Little bits of....er....wisdom, I guess. Mostly from neosiggies, but some I got off that great, wide expanse we call the internet. I present to you...
The Best One-Liners On The Web
Now in some sort of order!
If life Gives You Lemons...
- When life gives you lemons, find a kid with a paper cut
- If life gives you lemons....keep 'em! Hey, free lemons!!!
- if life gives you lemons make lemoade spit in it and give it to everyone who ticks you off
- when life gives you lemons, throw them back and demand oranges
- When Life gives you Lemons,get sugar and water and make lemonade.
- When life gives you lemons, make lemonade. When life gives you lemonade, you're screwed.
- When life gives you lemons wing em right back and get some lemons of your own.
Inspirational/Pensive
- If pro is the opposite of con, what is the opposite of progress?
- Why is the name of the phobia for the fear of long words Hippopotomonstrosesquippedaliophobia?
- I trust everyone...it's the devil inside them i don't trust
- "Why do you ask him move heaven and earth To prove his love has worth?"-Clay Aiken
- "The web of our life is a mingled yarn, good and ill together."~Shakespeare
- Everybody Wants To Go To Heaven But No One Wants To Die
- Never fear shadows. They only mean there's a light shining somewhere.
- 'I see' said the Blind man to his Deaf son
- I Hate it when people say its always the last place you look. Of course it is; why would you keep looking after you have found it?
- Imagination is the one weapon in the war against reality. *Jules de Gaultier
- If your mind isn't open, keep your mouth shut too -elsknan
- Dont feel sorry for me because I have nothing.Feel sorry for yourself when you lose what you have.
- If you want to enjoy the rainbow you gotta endure the storm
- The last thing I taste will not be my blood, it will be the sweetness of revenge.
- Friends are like stars, you don't always see them but they are always there
- A mind is like a parachute, it only works if it's open.
Funny Things
- i love animals...especially in a good gravy
- Before you critize a man, walk a mile in his shoes, that way when you do, you are a mile away and have his shoes.
- Be yourself, no one else wants too.
- I knew I was a nut the day the squirrel started looking at me funny.
- Never argue with an idiot. They drag you down to their level and then beat you with experience!!!
- there are 3 kinds of people in this world. people who can count and people who can't.
- why let a good thing like insanity go to waste?
- Chaos. Panic. Disorder. My work is done here...
- Do not run from your enemies... it draws their attention.
- Somethings wrong with my eyes, because when I look at the sun, I gotta squint
- I was standing in the park,wondering why frisbees got bigger as they got closer.Then it hit me.
- I prefer to solve my problems through non-physical means, like bribery and cunning.
- ok theres a deer season, a turkey season, and a tourist season...so why can't we shoot them??
- Do not meddle in the affairs of a dragon, for you are crunchy and good with ketchup.
- Has anyone seen that fire faerie?

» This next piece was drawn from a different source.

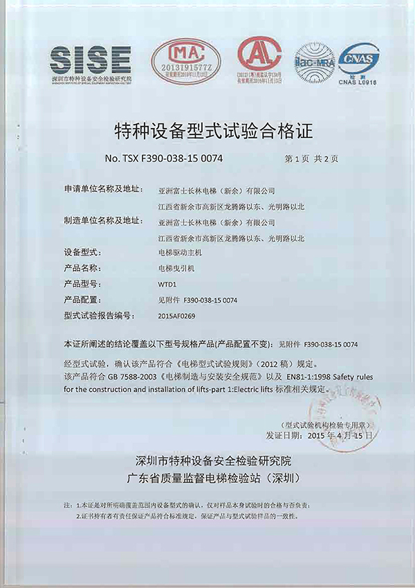 WTD1曳引機(jī)合格證

I thought she was being...o__O Who wants lunch? -icedude912
- the only thing to fear is fear its self...and me
- I may look like an idiot, i may act like an idiot, but don't let that fool you.... I am an idiot!!
- Whoever said nothing is impossible never tried slamming a revolving door.

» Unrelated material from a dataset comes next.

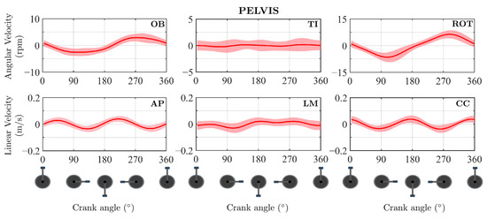 Temporal evolution of the angular and lineal velocity of the pelvis CoM for the sagittal, frontal and transverse planes and for the antero–posterior, lateral–medial and cranio–caudal directions during pedalling cycle. Values are shown as the mean ± standard deviation.
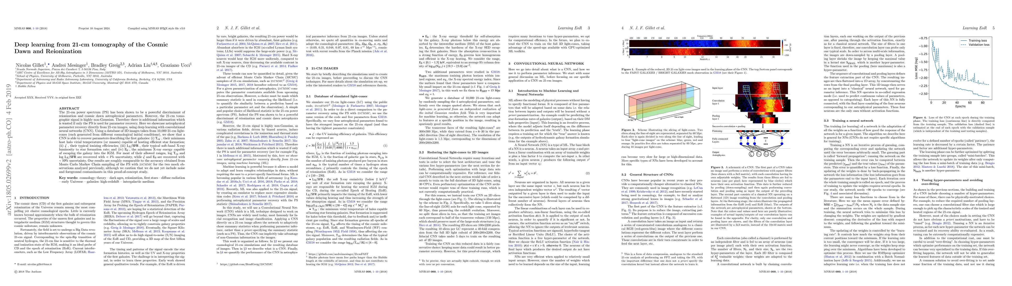 This research explores the use of deep learning techniques, specifically convolutional neural networks (CNNs), to extract astrophysical parameters from 21-cm tomography images during the Cosmic Dawn and Reionization. The study demonstrates that CNNs can recover key parameters related to the first galaxies with high accuracy, suggesting a promising alternative to traditional methods that rely on the 21-cm power spectrum.

- Are you really going to remember to stop, drop and roll when your on fire? I THINK NOT!
- "Gift" is simply the German word for "poison".
- I have gone to find myself. If I come back before I return, keep me here!
- If you dont like my driving stay off the sidewalk
- "I played a blank tape on full volume. The mime who lives next door complained." -Steven Wright
- I had a dream about death, death had a nightmare about me
- I love the unknown! Its so predictable!
- I have a short attention spa........ Oh look a butterfly
- Keep the earth clean, eat a pigeon.
- You can't lick your elbow ........... but i bet you just tried too.
- I'm not lazy, I'm just on a perment break.
- Do vegetarians eat animal crackers?
- He who laughs last thinks slowest...
- I'm not lost! I'm just taking the creative way there!
- im the most popular kid in school...too bad im homeschooled
- The nice people came and gave me a stylish white jacket.Then they put me in the nice cushiony room.Yay! I can fly!!
- "Beauty is only skin deep, but then again, who needs an attractive liver?"
- The Dead Sea Files
- "If nobody's perfect, and I'm a nobody, does that mean I'm perfect?"
- Anonymous
- "Roses are red, violets are blue, sugar is sweet and so are you. But the roses are wilting, the violets are dead, the sugarbowl's empty and so is your head."
- Anonymous
- "I am your father's brother's nephew's cousin's former roommate."